(Data entries)
=== Begin Enclosure ===

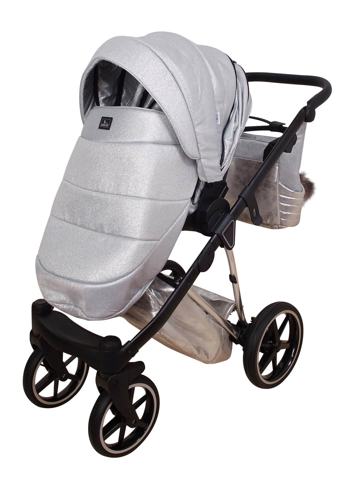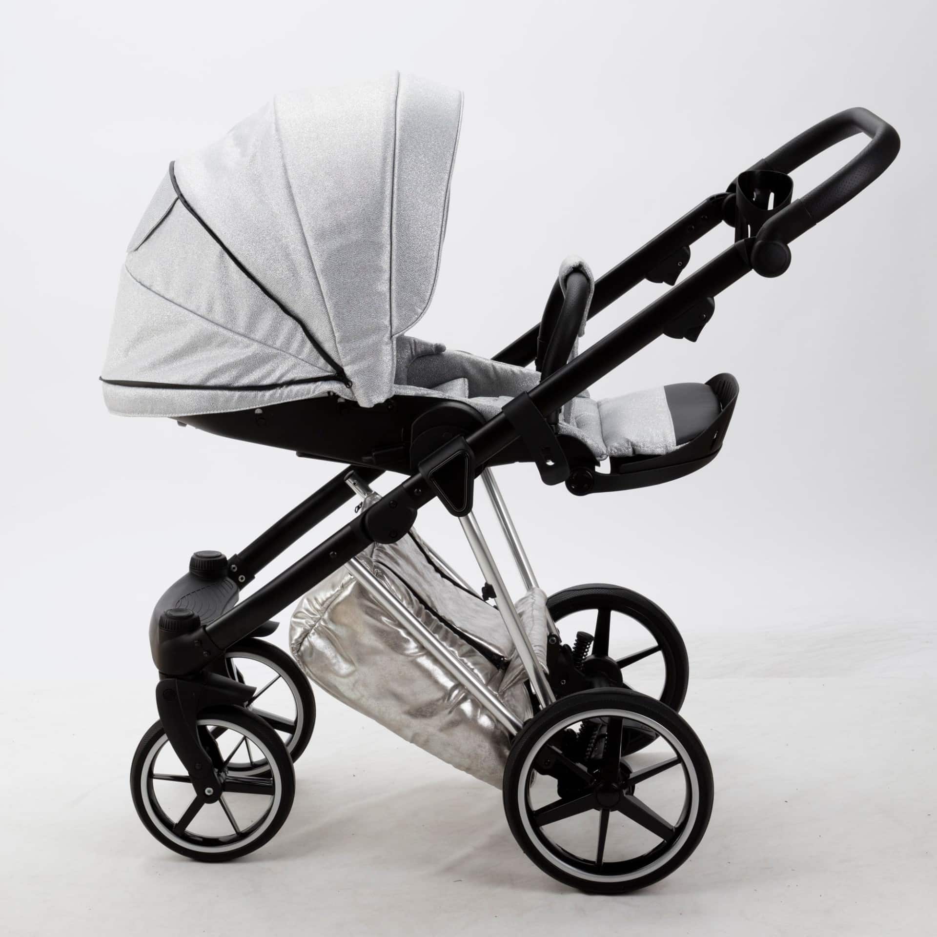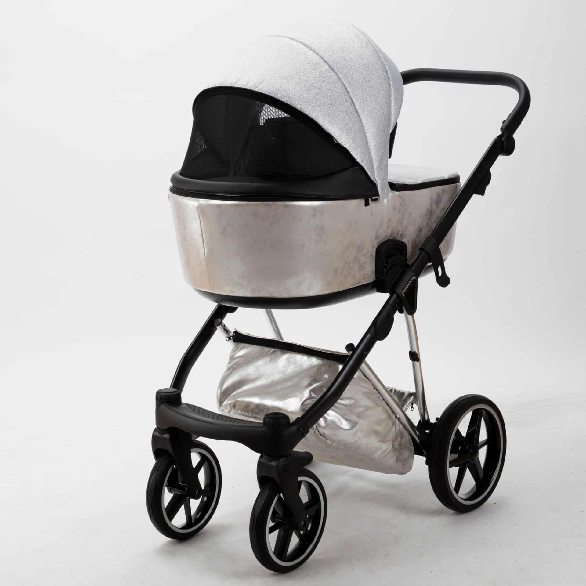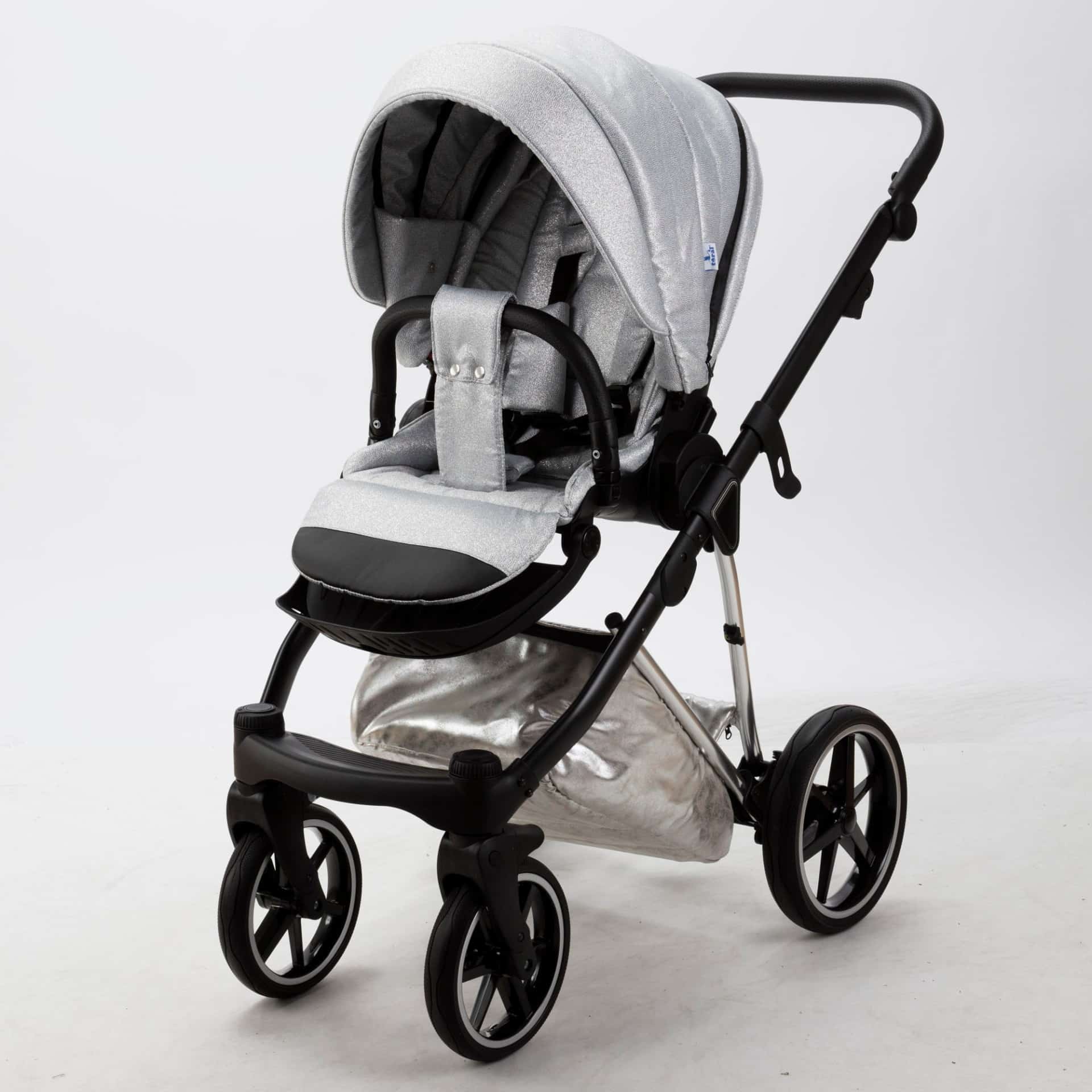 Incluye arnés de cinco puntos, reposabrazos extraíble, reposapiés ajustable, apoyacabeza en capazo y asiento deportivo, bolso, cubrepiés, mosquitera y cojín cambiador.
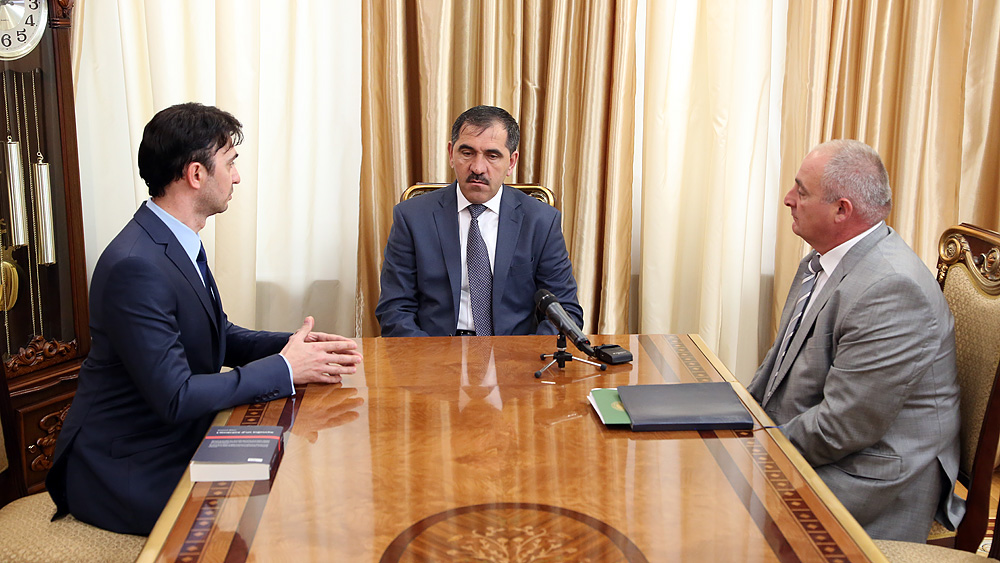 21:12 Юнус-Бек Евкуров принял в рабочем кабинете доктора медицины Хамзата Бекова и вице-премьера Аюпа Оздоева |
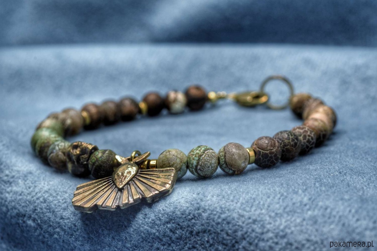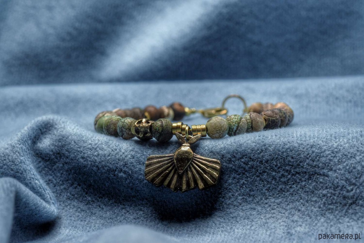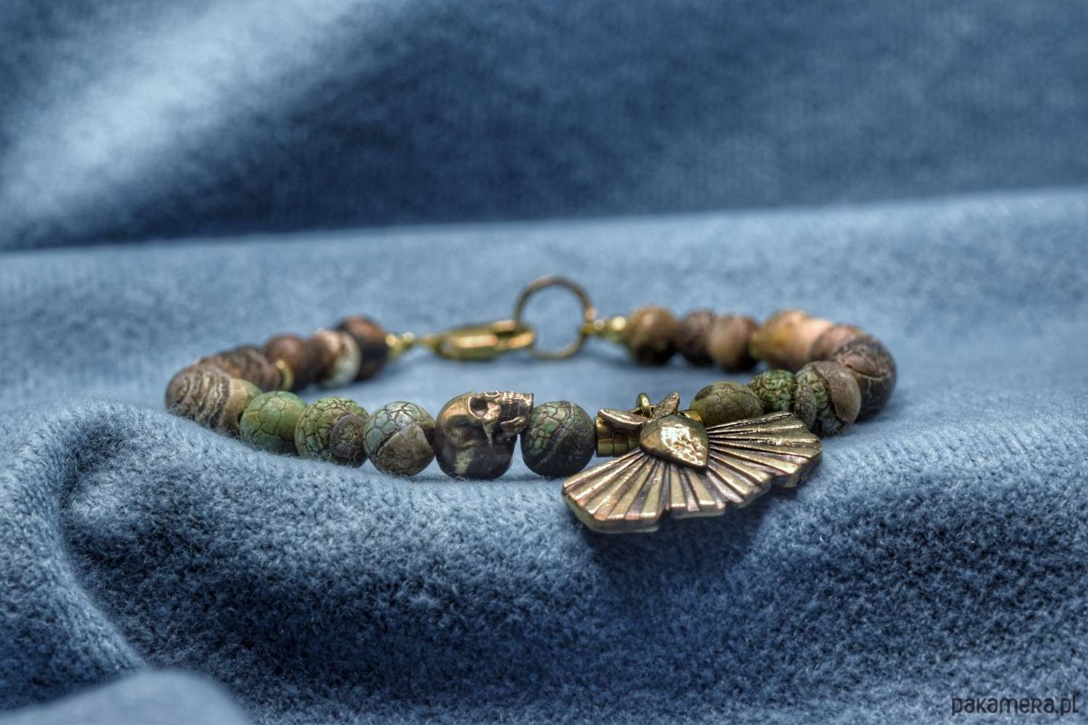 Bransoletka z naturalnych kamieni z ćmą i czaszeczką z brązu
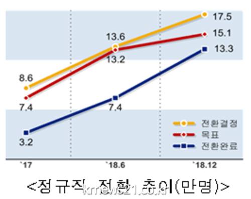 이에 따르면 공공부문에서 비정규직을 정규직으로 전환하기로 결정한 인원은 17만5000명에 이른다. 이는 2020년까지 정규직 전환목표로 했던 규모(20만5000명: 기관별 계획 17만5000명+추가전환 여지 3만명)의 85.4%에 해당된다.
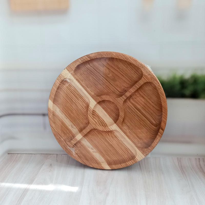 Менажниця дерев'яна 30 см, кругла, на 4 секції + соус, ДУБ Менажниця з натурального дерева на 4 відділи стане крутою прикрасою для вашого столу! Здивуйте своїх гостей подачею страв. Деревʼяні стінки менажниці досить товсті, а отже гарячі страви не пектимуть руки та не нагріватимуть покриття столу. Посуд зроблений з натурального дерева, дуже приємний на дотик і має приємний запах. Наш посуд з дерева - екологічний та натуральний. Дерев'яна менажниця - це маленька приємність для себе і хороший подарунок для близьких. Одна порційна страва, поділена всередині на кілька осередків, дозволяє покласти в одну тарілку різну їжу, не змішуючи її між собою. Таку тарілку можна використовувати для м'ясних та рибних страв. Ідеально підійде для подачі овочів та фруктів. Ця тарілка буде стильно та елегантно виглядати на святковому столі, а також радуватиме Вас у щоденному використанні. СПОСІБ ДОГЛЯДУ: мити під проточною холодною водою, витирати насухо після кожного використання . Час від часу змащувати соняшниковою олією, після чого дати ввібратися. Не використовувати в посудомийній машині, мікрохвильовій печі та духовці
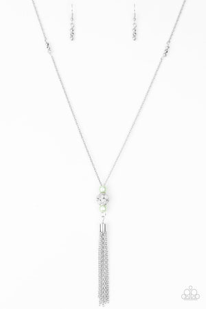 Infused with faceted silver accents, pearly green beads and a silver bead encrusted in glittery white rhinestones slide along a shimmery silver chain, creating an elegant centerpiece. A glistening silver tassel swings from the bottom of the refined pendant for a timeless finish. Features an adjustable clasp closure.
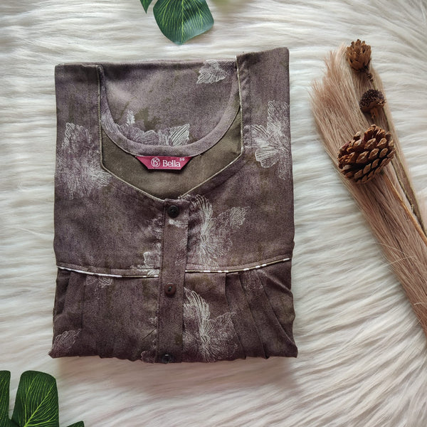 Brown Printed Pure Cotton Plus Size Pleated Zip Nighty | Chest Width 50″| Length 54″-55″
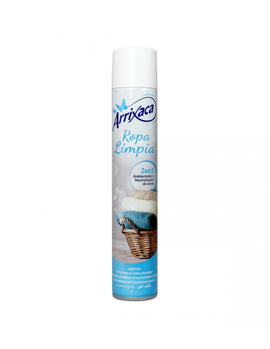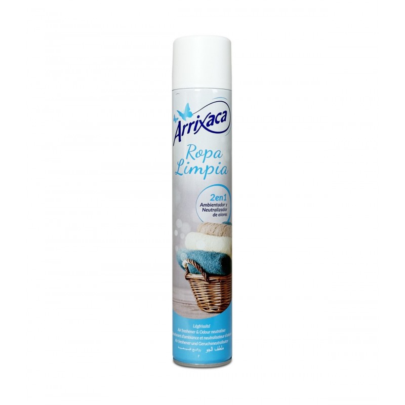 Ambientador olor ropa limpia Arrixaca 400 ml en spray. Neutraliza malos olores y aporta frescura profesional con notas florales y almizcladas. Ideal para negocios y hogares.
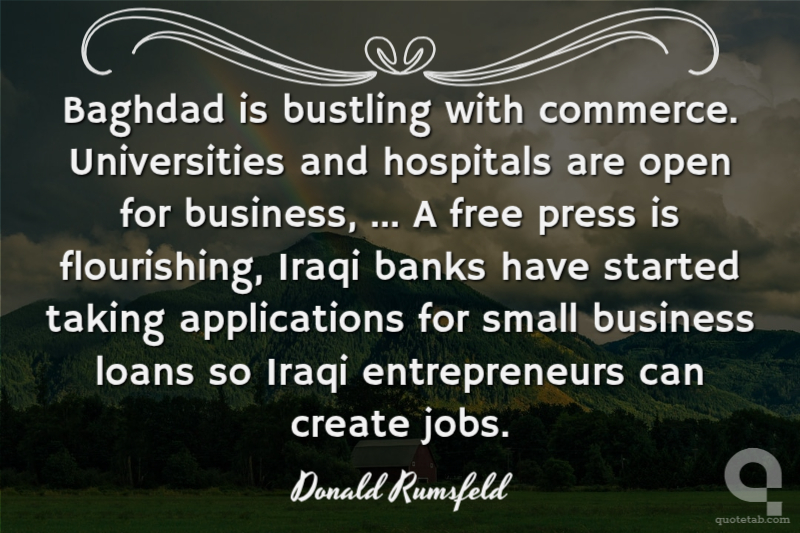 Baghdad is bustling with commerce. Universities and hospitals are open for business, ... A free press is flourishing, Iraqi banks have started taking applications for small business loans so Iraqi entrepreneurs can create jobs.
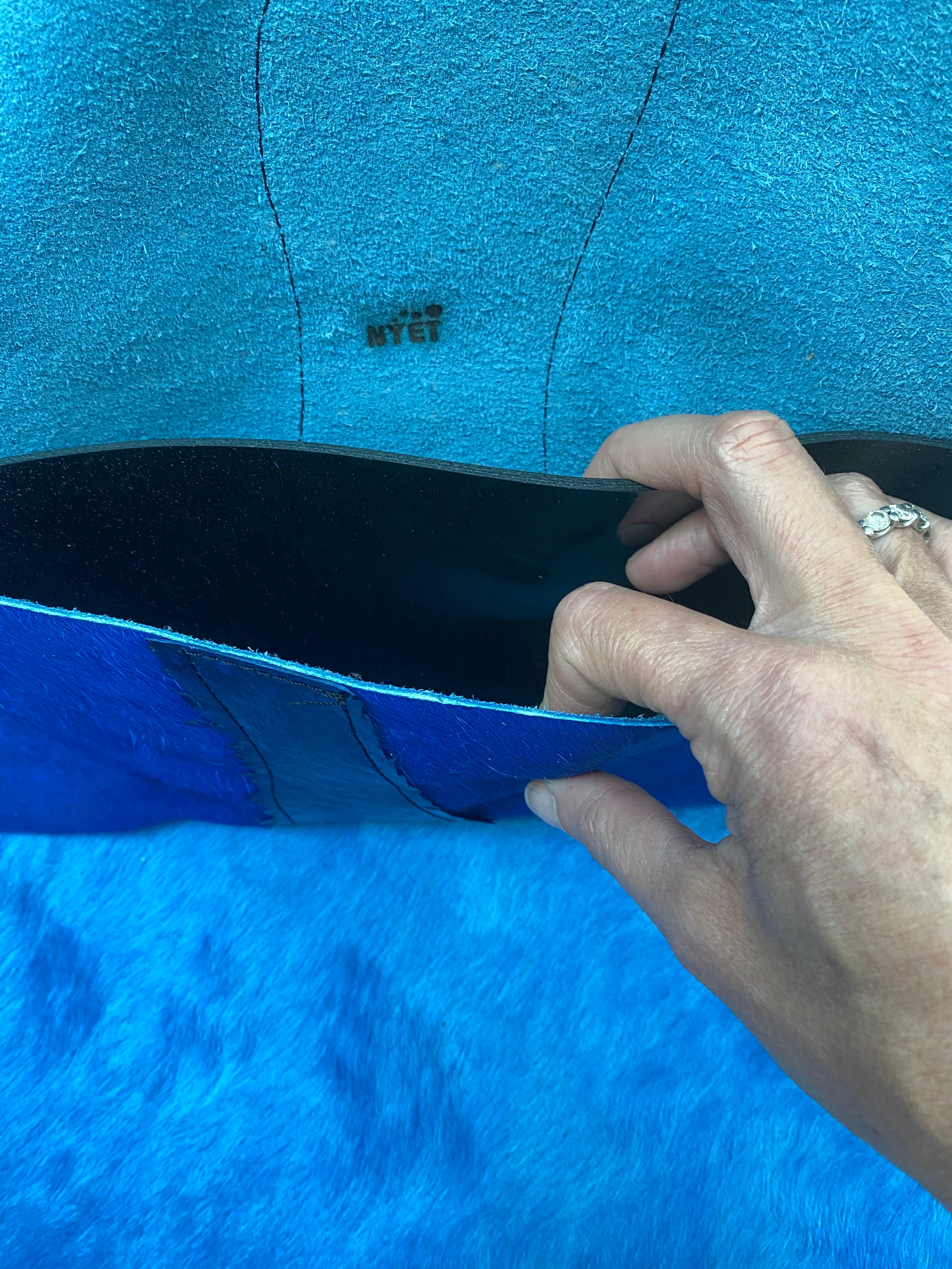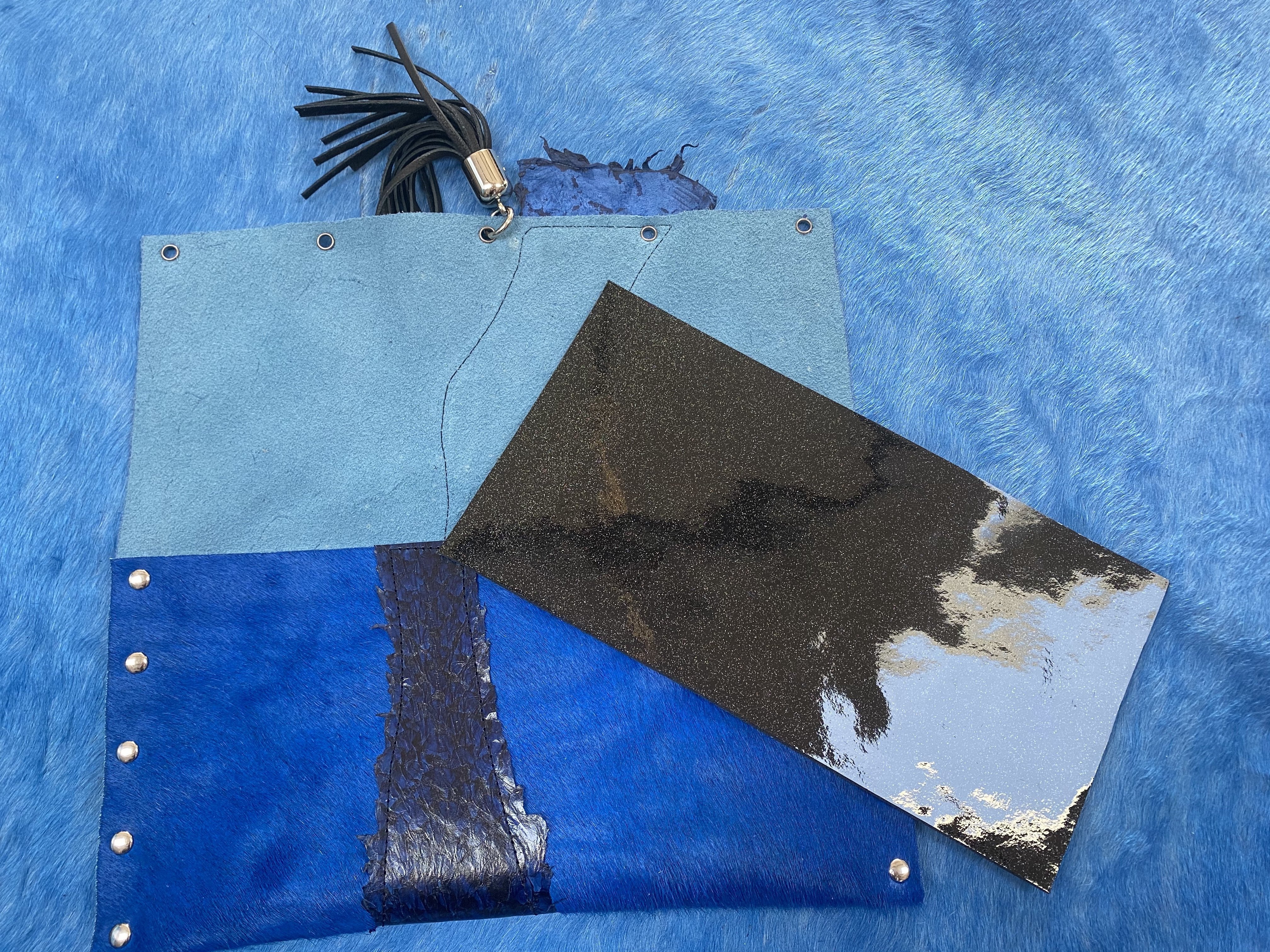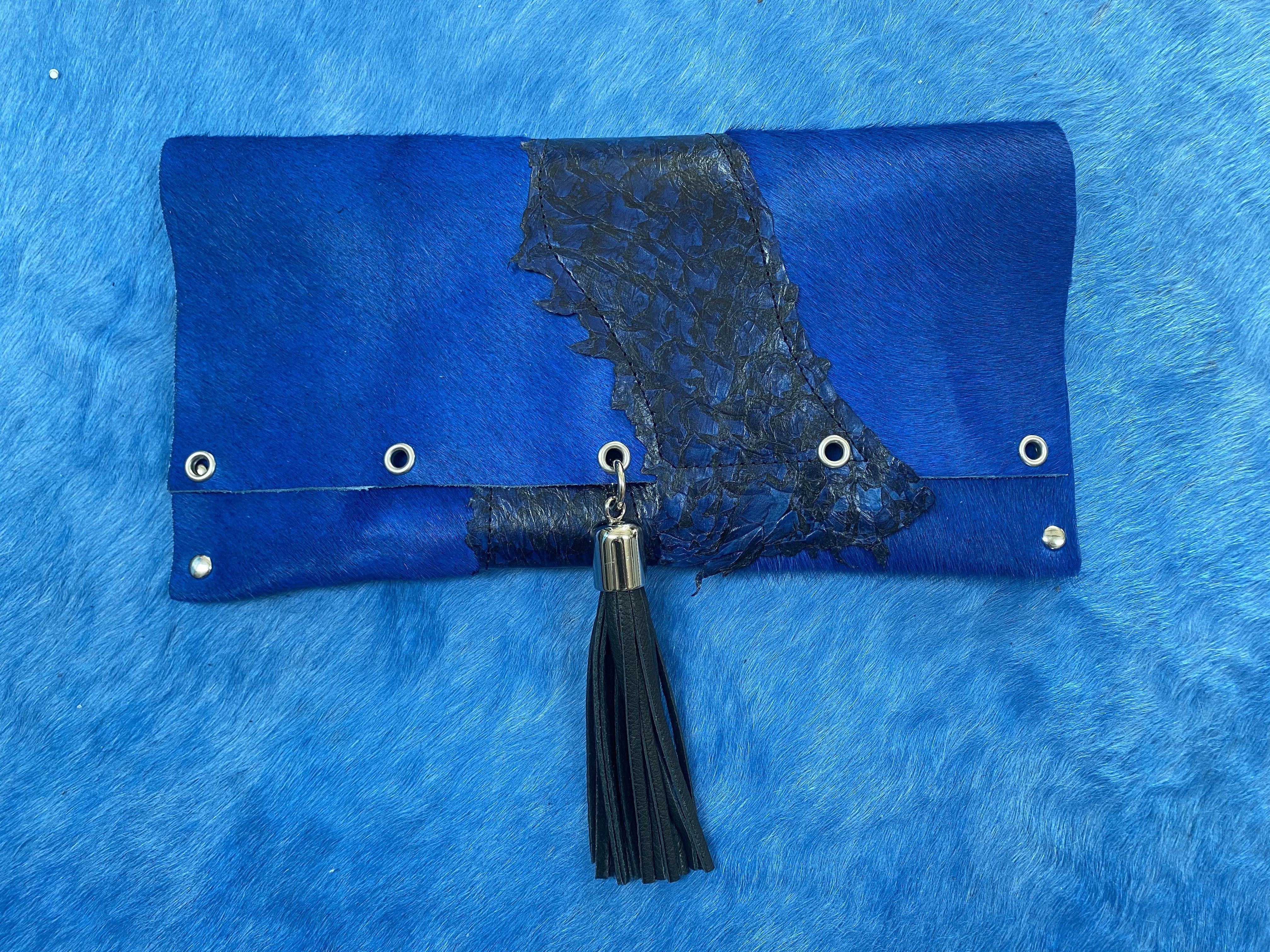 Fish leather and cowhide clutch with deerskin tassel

=== End Enclosure ===

■ **TASK BRIEF**
The answer must consist solely of the lines from the first line of the records through the line containing "이에 따르면 공공부문에서", reproduced exactly and without the pictures.

■ **ANSWER BOX**
 Incluye arnés de cinco puntos, reposabrazos extraíble, reposapiés ajustable, apoyacabeza en capazo y asiento deportivo, bolso, cubrepiés, mosquitera y cojín cambiador.
 21:12 Юнус-Бек Евкуров принял в рабочем кабинете доктора медицины Хамзата Бекова и вице-премьера Аюпа Оздоева |
 Bransoletka z naturalnych kamieni z ćmą i czaszeczką z brązu
 이에 따르면 공공부문에서 비정규직을 정규직으로 전환하기로 결정한 인원은 17만5000명에 이른다. 이는 2020년까지 정규직 전환목표로 했던 규모(20만5000명: 기관별 계획 17만5000명+추가전환 여지 3만명)의 85.4%에 해당된다.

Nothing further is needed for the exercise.